During the past decade, a number of animal studies reported that the immune system, capable of interacting with both blood components and the surrounding tissue, may be implicated in the pathogenesis of hypertension 3. Initial reports concentrated on the possible role of murine T lymphocytes 46. Nonetheless, it was suggested that human monocytes (MO) and macrophages may play a role in the RAS-dependent regulation of vascular responses 7,8. The highest level of ACE1 (CD143) expression was observed in the so-called intermediate subpopulation of MO in dialyzed patients with chronic kidney disease, which was significantly higher in those with severe atherosclerosis, compared with those with little or no carotid atherosclerosis. Moreover, the authors suggested that monocytic ACE1 may be a component of a local angiotensin-converting system, e.g. at sites that may be infiltrated by monocytes/macrophages 9,10.

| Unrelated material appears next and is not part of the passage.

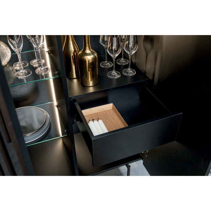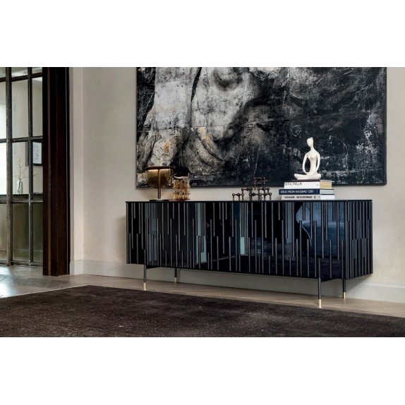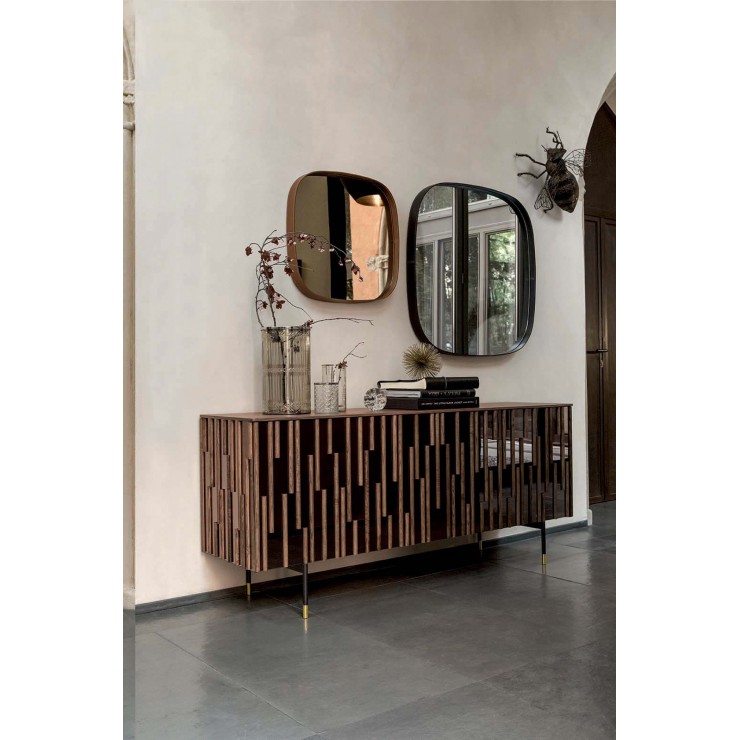 Un programma giorno ed un programma notte completo ed estremamente elegante. Gocce in legno massello applicate con estrema cura alle ante effetto specchio. Un top sagomato e stondato, fine e sofisticato; una struttura in metallo con inserti in finitura oro. tutto ciò per non lasciare nulla al caso.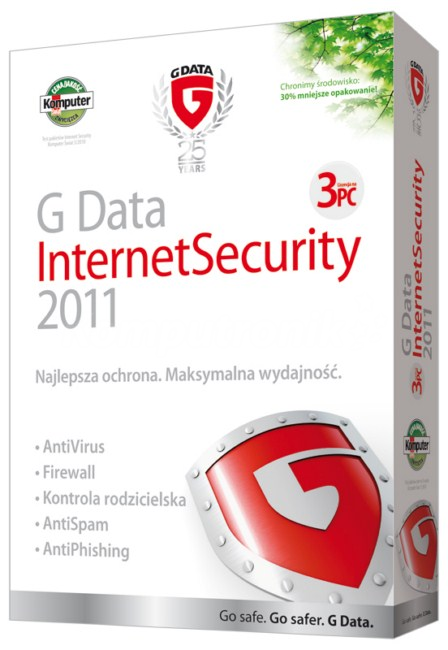 G Data InternetSecurity 2011 to najlepsza ochrona Twojego komputera oraz maksymalna wydajność systemu. Pakiet zawiera nowoczesne mechanizmy zabezpieczające komputer przed wirusami, rootkitami, robakami, trojanami, spamem, hakerami, stronami wykradającymi prywatne dane oraz najnowszymi zagrożeniami. Moduł kontroli rodzicielskiej chroni dzieci przed nieocenzurowaną treścią oraz ogranicza dostęp do komputera podczas nieobecności rodziców. Pakiet InternetSecurity wielokrotnie zwyciężał w testach niezależnych organizacji i potwierdzał wysoką jakość ochrony systemów informatycznych. Wersja 2011 posiada nowy ergonomiczny interfejs użytkownika oparty na dynamicznych zakładkach, dzięki któremu obsługa zaawansowanych funkcji jest bardzo prosta.

Human MO can be subdivided into three main subpopulations: CD14++CD16 (classical), CD14++CD16+ (intermediate) and CD14+CD16++ (non-classical). Under physiological conditions, classical MO account for 70–80% and non-classical for up to 10% of the circulating MO pool 1113. In contrast to classical MO, the intermediate and non-classical subsets (related to each other and named collectively as CD16+ MO) produce mainly proinflammatory cytokines and have been reported to increase in numbers in various inflammatory diseases 11. Both MO subpopulations forming the CD16+ pool are ‘programmed’ for slightly different functions compared to the classical ones 14. It is noteworthy that the CD16+ MO are located in the close vicinity of the endothelium and may potentially affect vascular homeostasis. It has been demonstrated that hypertension is associated with activation of MO and an increased endothelial adhesion and subendothelial accumulation of MO, with their increased capacity to produce cytokines 15,16.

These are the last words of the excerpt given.